====== EXERCISE MATERIAL

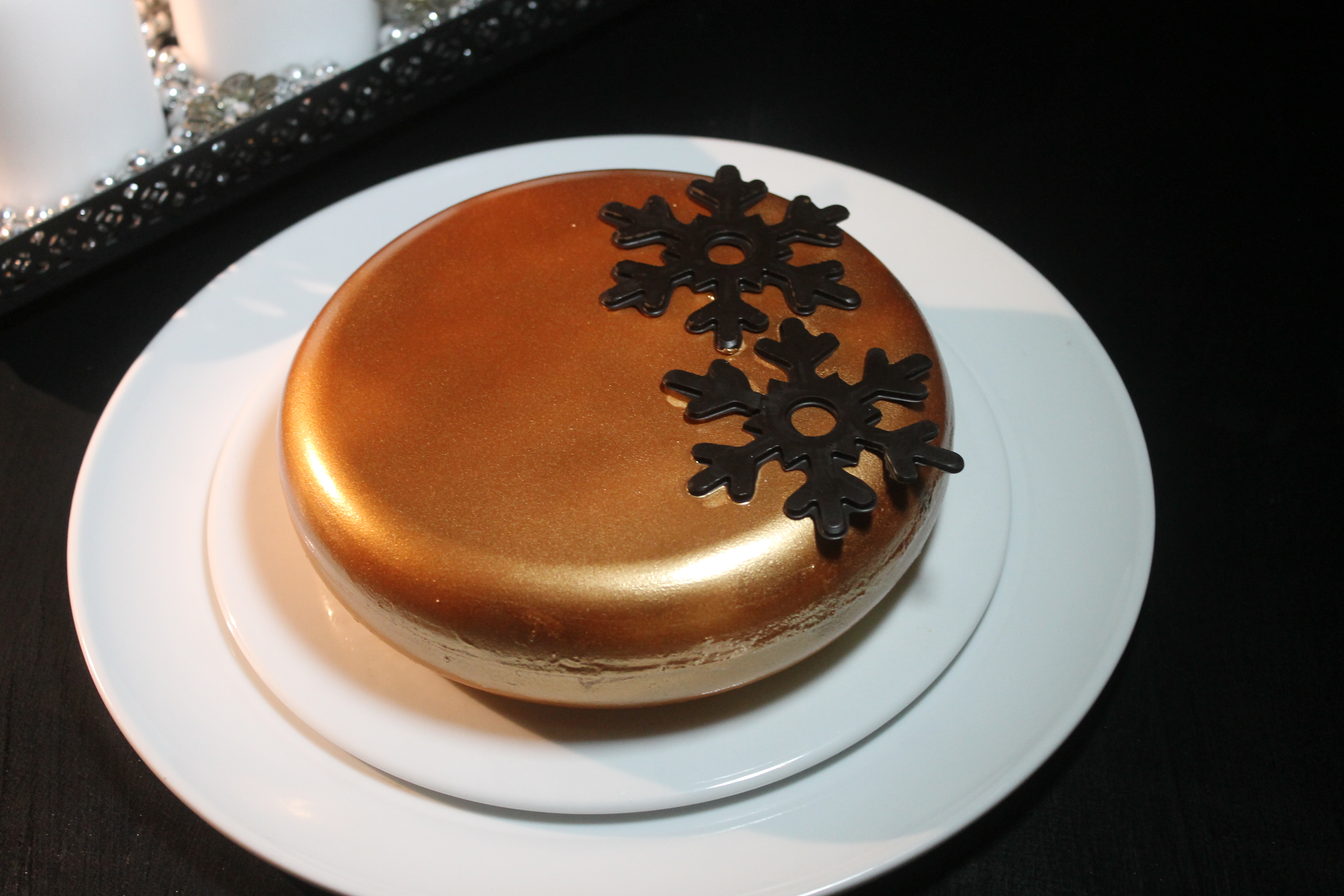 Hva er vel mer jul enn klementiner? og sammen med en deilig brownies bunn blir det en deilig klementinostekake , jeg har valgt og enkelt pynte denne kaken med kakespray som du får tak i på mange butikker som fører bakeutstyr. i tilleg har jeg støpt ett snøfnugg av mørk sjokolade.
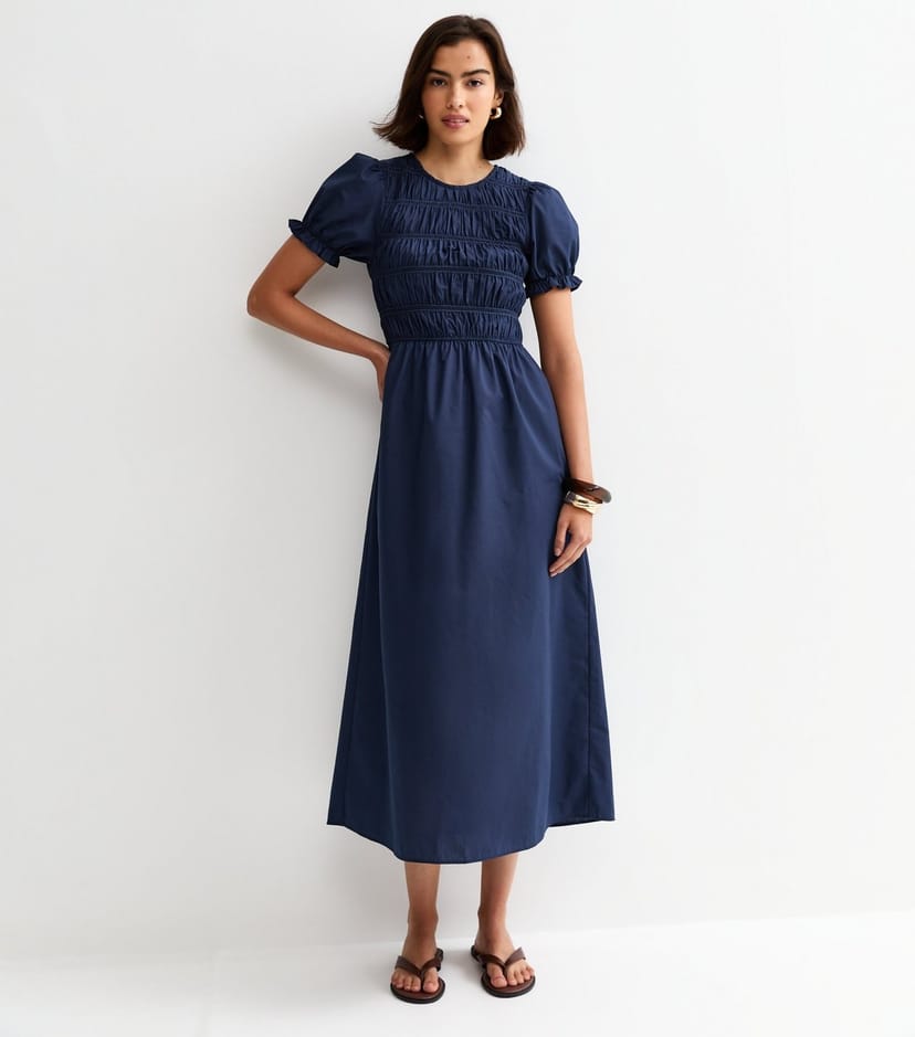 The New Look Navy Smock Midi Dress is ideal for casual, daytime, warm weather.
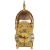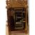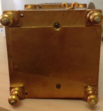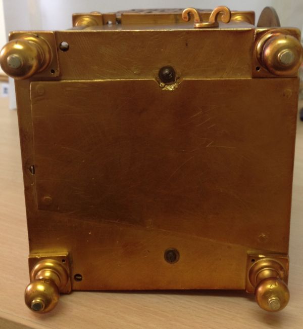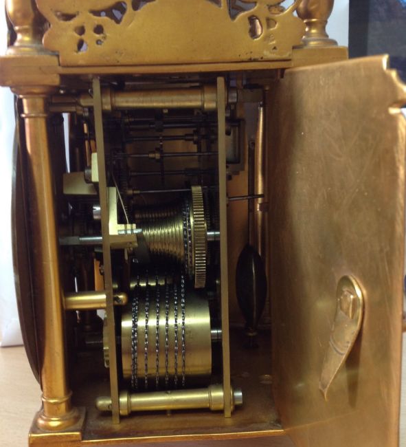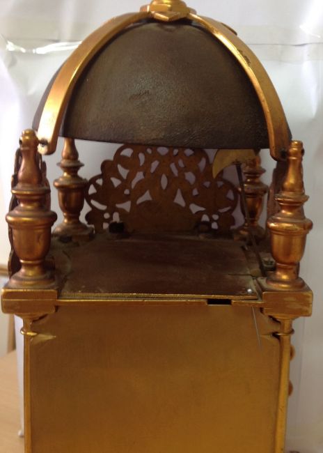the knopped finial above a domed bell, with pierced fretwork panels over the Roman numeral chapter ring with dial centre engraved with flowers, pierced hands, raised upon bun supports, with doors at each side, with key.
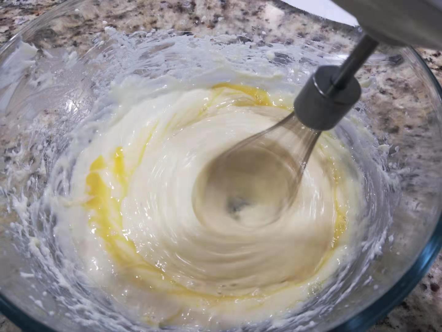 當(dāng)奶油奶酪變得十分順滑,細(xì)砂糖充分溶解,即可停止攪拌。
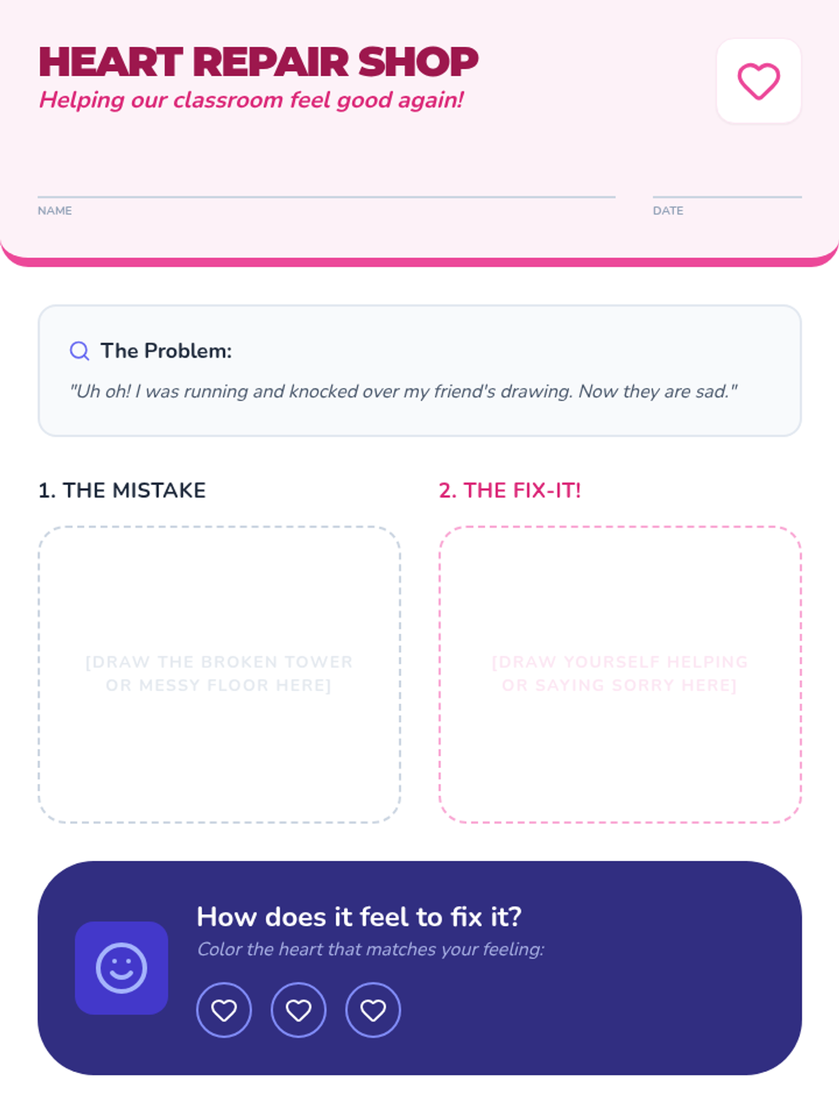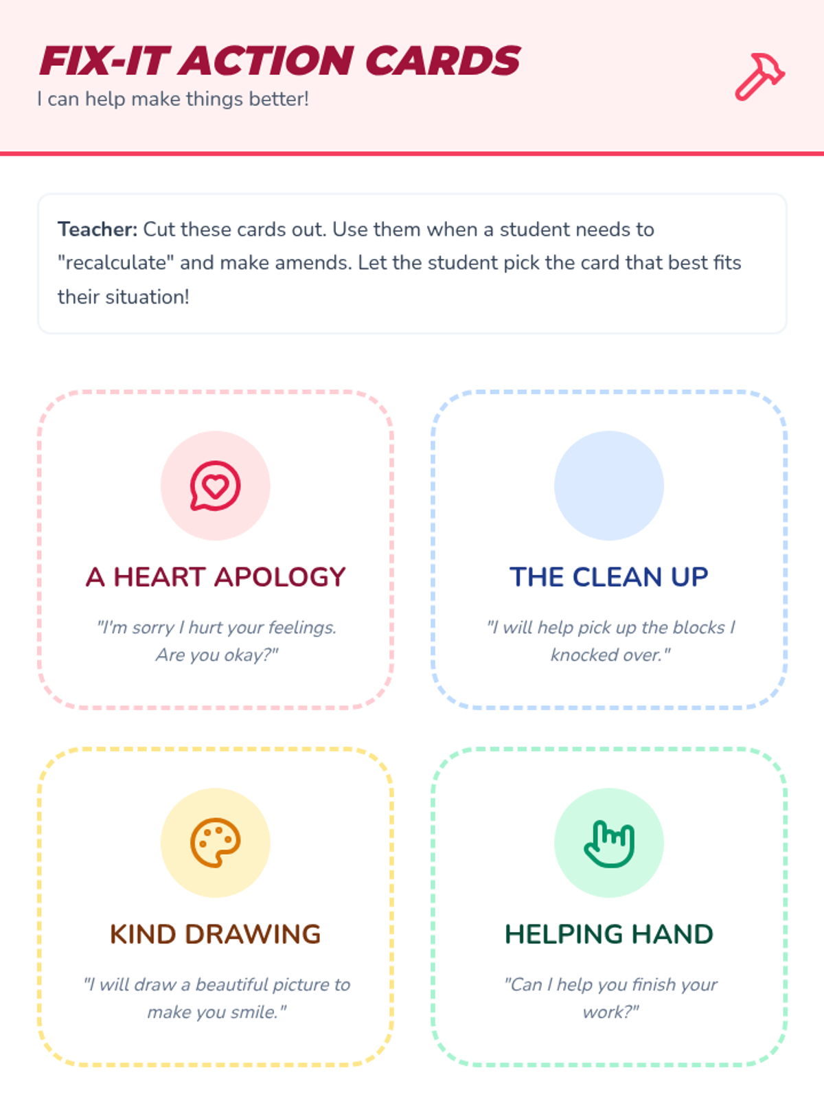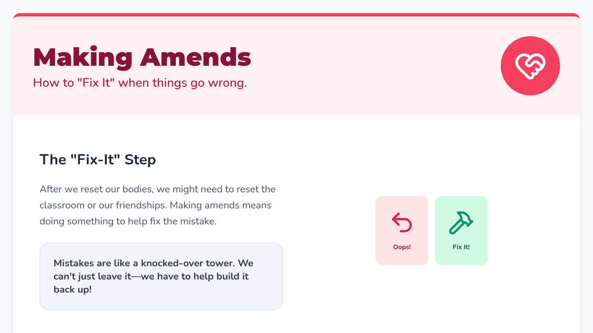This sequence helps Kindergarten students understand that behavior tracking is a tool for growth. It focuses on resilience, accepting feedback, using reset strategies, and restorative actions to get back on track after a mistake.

============

- WHAT IS BEING ASKED -
Each record above goes into the copy unchanged; the pictures do not.

- WRITTEN RESPONSE -
 Hva er vel mer jul enn klementiner? og sammen med en deilig brownies bunn blir det en deilig klementinostekake , jeg har valgt og enkelt pynte denne kaken med kakespray som du får tak i på mange butikker som fører bakeutstyr. i tilleg har jeg støpt ett snøfnugg av mørk sjokolade.
 The New Look Navy Smock Midi Dress is ideal for casual, daytime, warm weather.
the knopped finial above a domed bell, with pierced fretwork panels over the Roman numeral chapter ring with dial centre engraved with flowers, pierced hands, raised upon bun supports, with doors at each side, with key.
 當(dāng)奶油奶酪變得十分順滑,細(xì)砂糖充分溶解,即可停止攪拌。
This sequence helps Kindergarten students understand that behavior tracking is a tool for growth. It focuses on resilience, accepting feedback, using reset strategies, and restorative actions to get back on track after a mistake.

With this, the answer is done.